In an alternative embodiment, the edge computing device 50 is provided with a wireless network communication function, for example, with a 4G module, in which case the edge computing device 50 sends the generated warning information directly to the cloud platform 30 through a wireless network. In another optional embodiment, the edge computing device 50 does not have a wireless network communication function, in this case, the edge computing device 50 outputs the generated warning information to the corresponding ETC rsu 20, and the ETC rsu 20 sends the received warning information to the cloud platform through a mobile communication network.
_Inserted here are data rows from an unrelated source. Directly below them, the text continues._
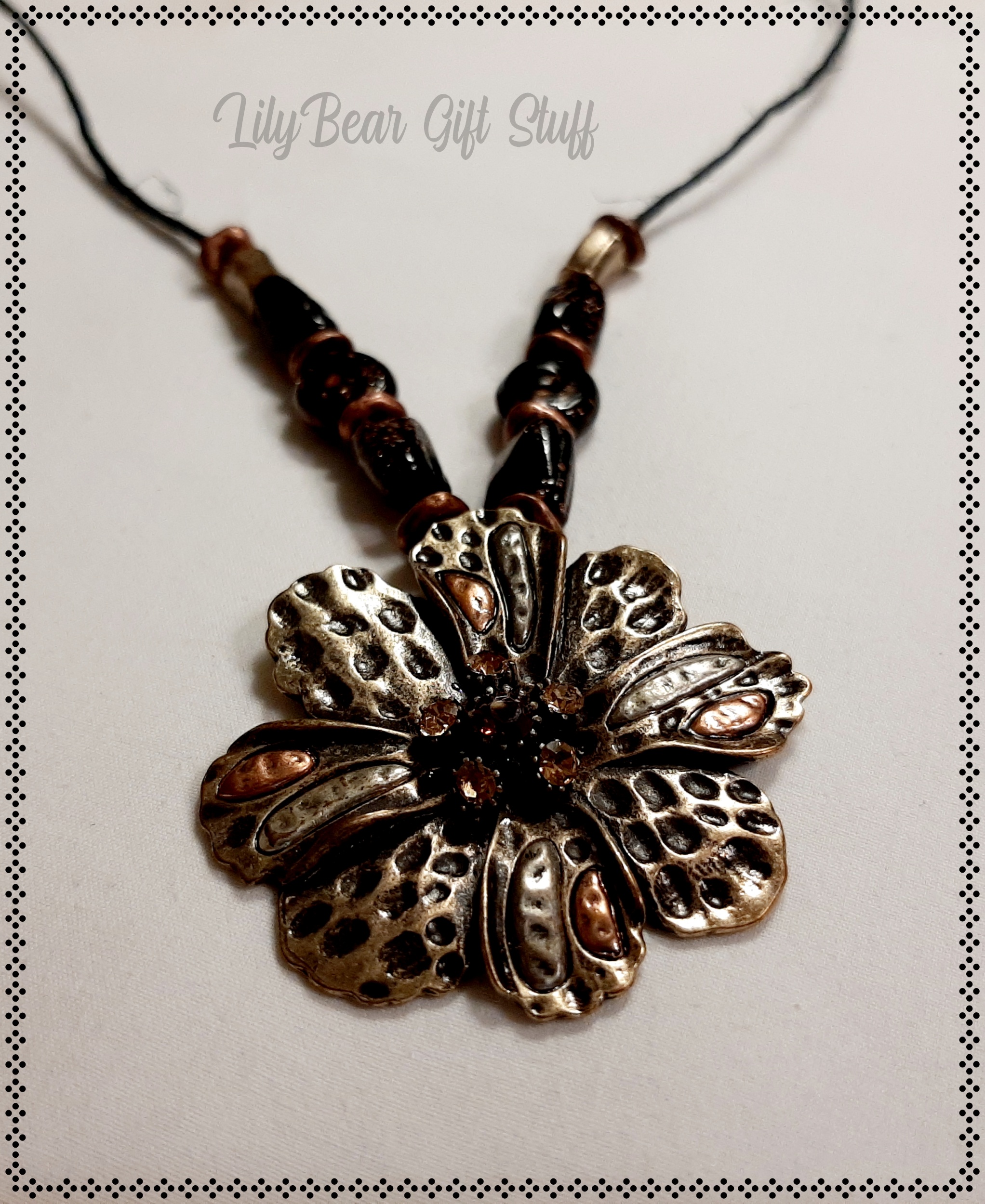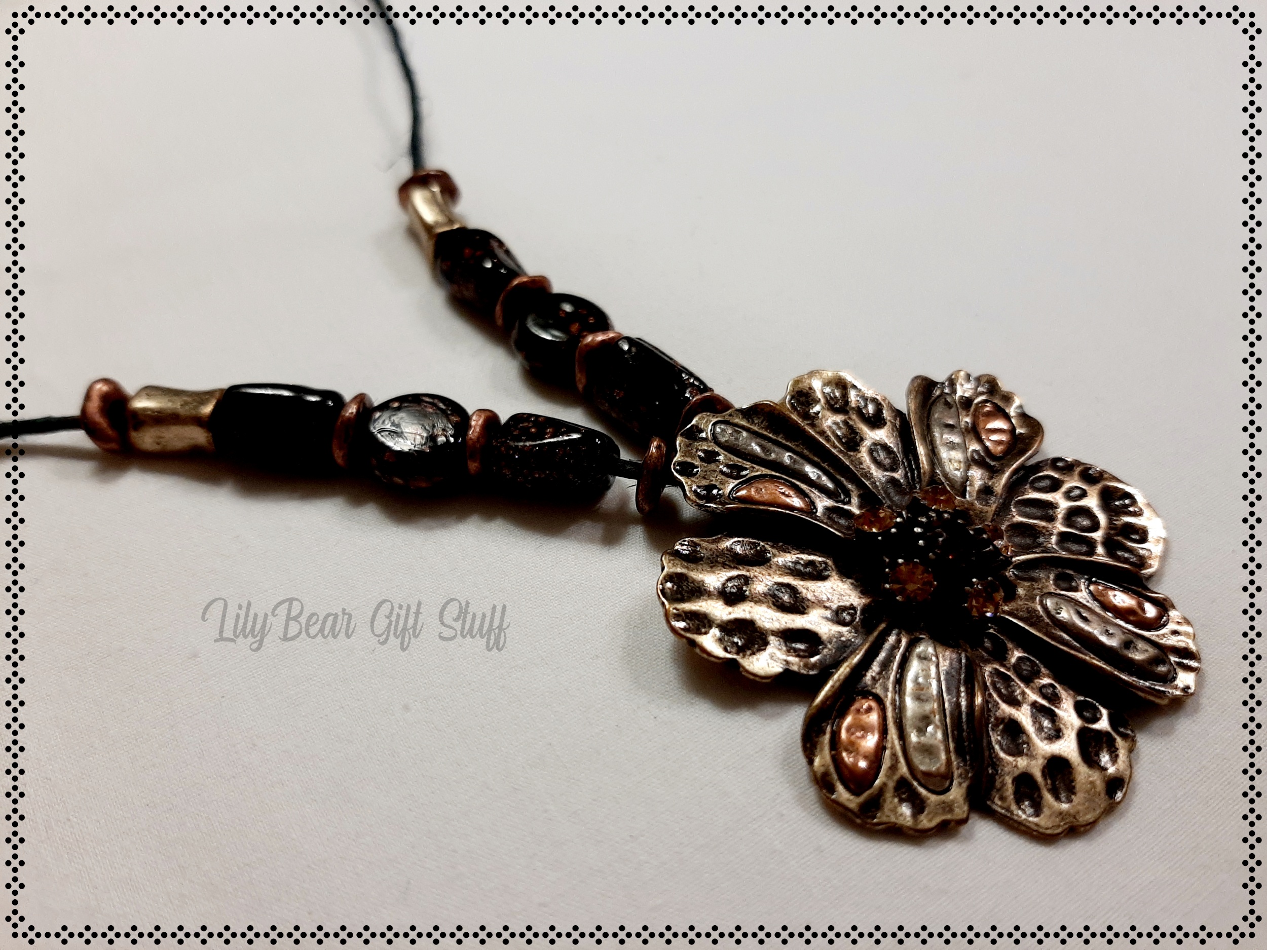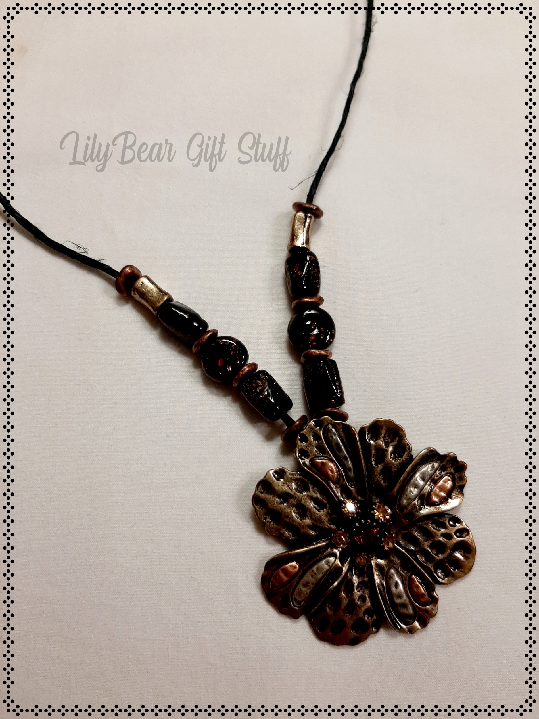 A cute and simple Necklace made with a gorgeous Bronze flower and bronze and gold beads.
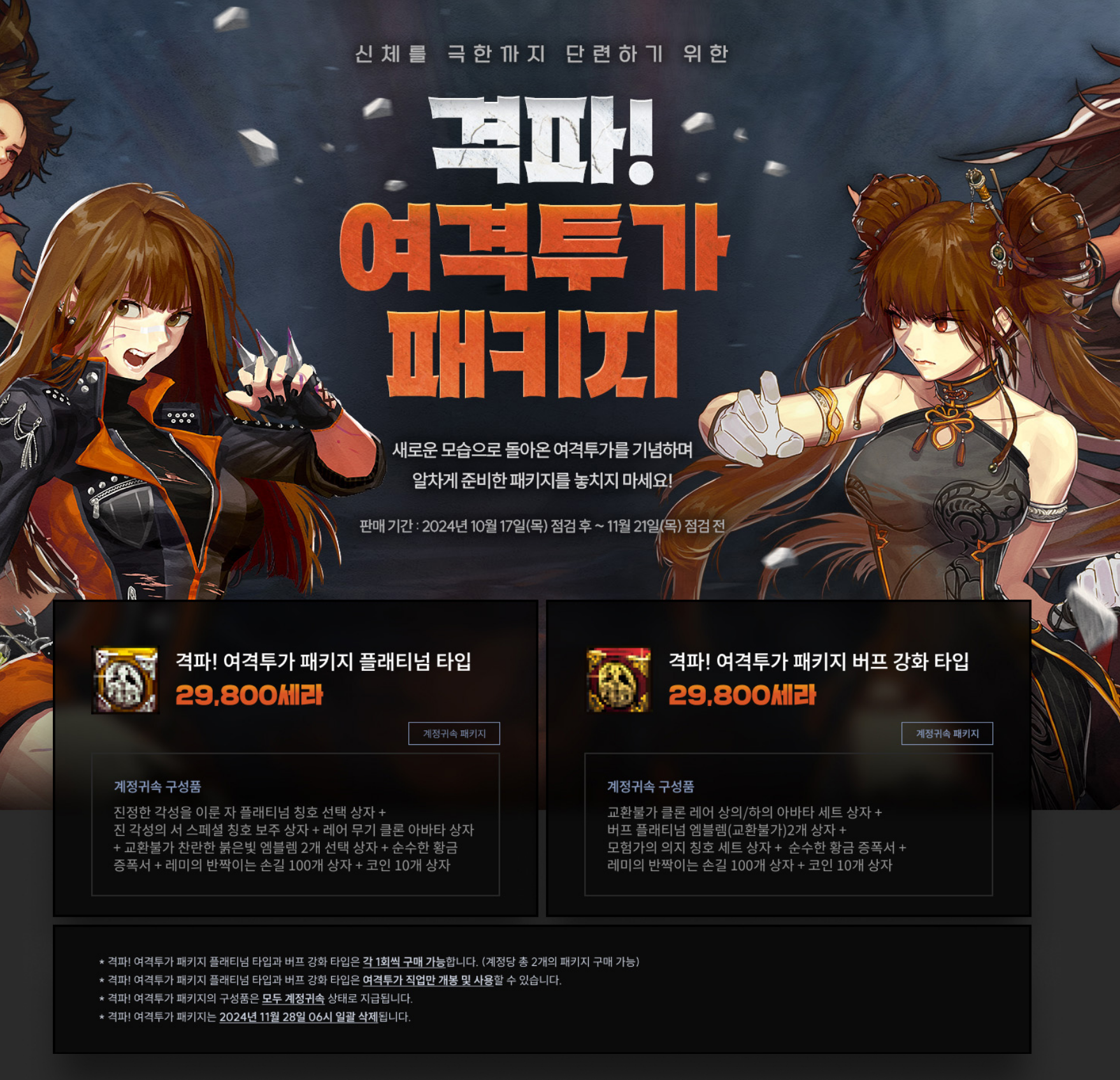 - 격파! 여격투가 패키지 플래티넘 타입: 전용 칭호, 아바타 세트, 추가 혜택 포함
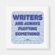 A funny writers are always plotting something cheeky humour slogan writing process working author slogan epic author self-published fiction or non-fiction writer design great writer’s gift genre slogan writer pride cartoon style motto design book author pride bookish aesthetic motto novel pin or magnet that’s perfect for writers of all genres. Get a funny author motto item today.
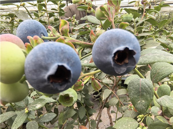 為解決冬季藍莓生長的溫度難題,基地在大棚設施上進行了重點升級?!拔覀兓乜偯娣e70畝,分兩期建設。新大棚采用三層防護——外層薄膜、中層遮陽網、內層保溫棉,保溫性能得到顯著提升。園區還增設了多臺熱風爐,低溫時可精準調控溫度?!泵穫ケ硎?,“正是由于設施條件的改善,今年藍莓的成熟期比去年提前了一個月。去年此時果實還小且未成熟,今年已經大批轉色了?!?
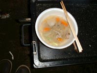 2日目(9月16日) : 曇り 「おはようございま〜っす!」 Q45さんが起こしてくれました、時刻AM8:45分 「ゲゲッ!俺最後まで寝てましたね、す、すいましぇ〜ん」 Q45さん、プレ55さん、Sawadaさんのお三方はもう起きてました 慌てて起きて、二日目開始!! テントの所に行きますと進藤さんご一家はもう起きてます おやじんさん、爆睡中! Q45さんと釣大将さんと3人、進藤さんよりコーヒーを戴く・・美味しいです その時プレ55さん・・・・「辛いっす」状態でそのまま車に行きダウンしてました おやじんさんも一旦起きてくるものの、再度沈没・・ツラそうです 昨夜の残りのとん汁と進藤さんが炊いてくれたご飯で朝食 とん汁の味がしみててウマイウマイ!! |
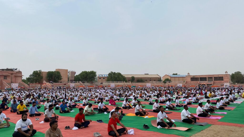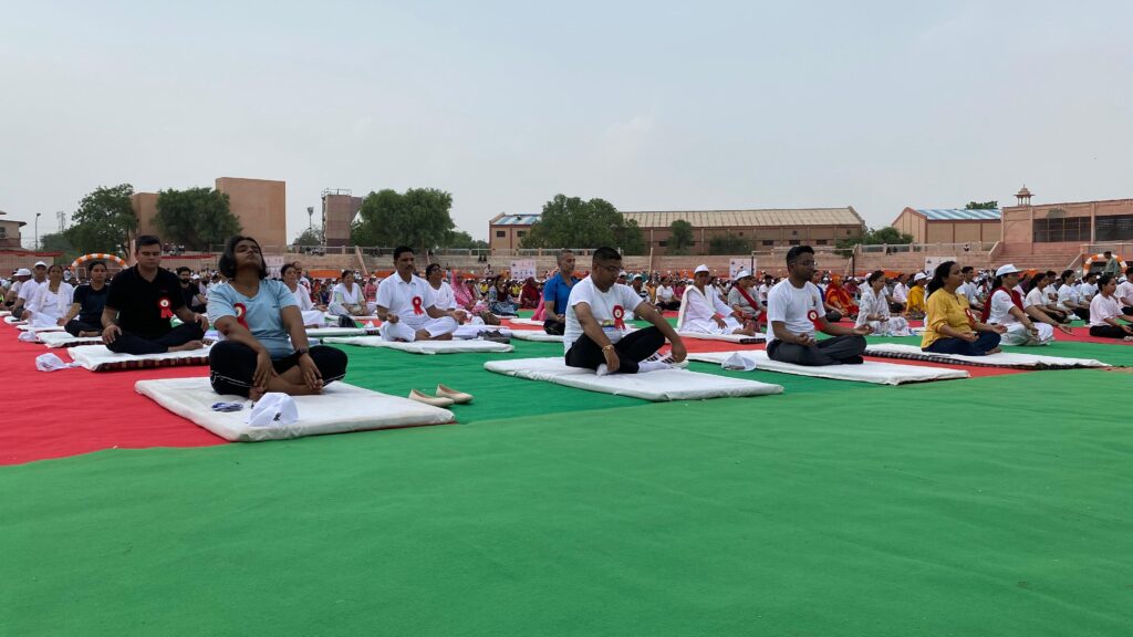 ग्यारहवें अंतराष्ट्रीय योग दिवस के अवसर पर शनिवार को जिला मुख्यालय से लेकर गांव-गांव तक हजारों लोगों ने सामूहिक योगाभ्यास किया और ‘आरोग्यता’ एवं ‘वसुधैव कुटुंबकम’ का संदेश दिया। एक पृथ्वी और स्वास्थ्य के लिए योग’ थीम के साथ योग दिवस का जिला स्तरीय समारोह डॉ. करणी सिंह स्टेडियम में आयोजित हुआ। जिला प्रशासन और आयुर्वेद विभाग के संयुक्त तत्वावधान में आयोजित कार्यक्रम में श्री यादें माटी कला बोर्ड के अध्यक्ष श्री प्रहलाद राय टाक ने प्रातः 6.15 बजे दीप प्रज्वलन कर कार्यक्रम की शुरुआत की।

Further, the utility model discloses a ETC-X system for vehicle and road is in coordination still includes a plurality of electron signboards that set up in different highway sections, sets up at the tunnel entry for example. And the cloud platform also determines a target electronic guideboard from the plurality of electronic guideboards according to the early warning range, and sends the traffic scheduling information to the target electronic guideboard so that the target electronic guideboard outputs the traffic scheduling information. In this embodiment, the cloud platform also issues traffic scheduling information through the electronic guideboard, for example, to remind the vehicle about entering the tunnel to change lanes in advance, slow down, or prohibit entering the tunnel, so as to avoid accidents.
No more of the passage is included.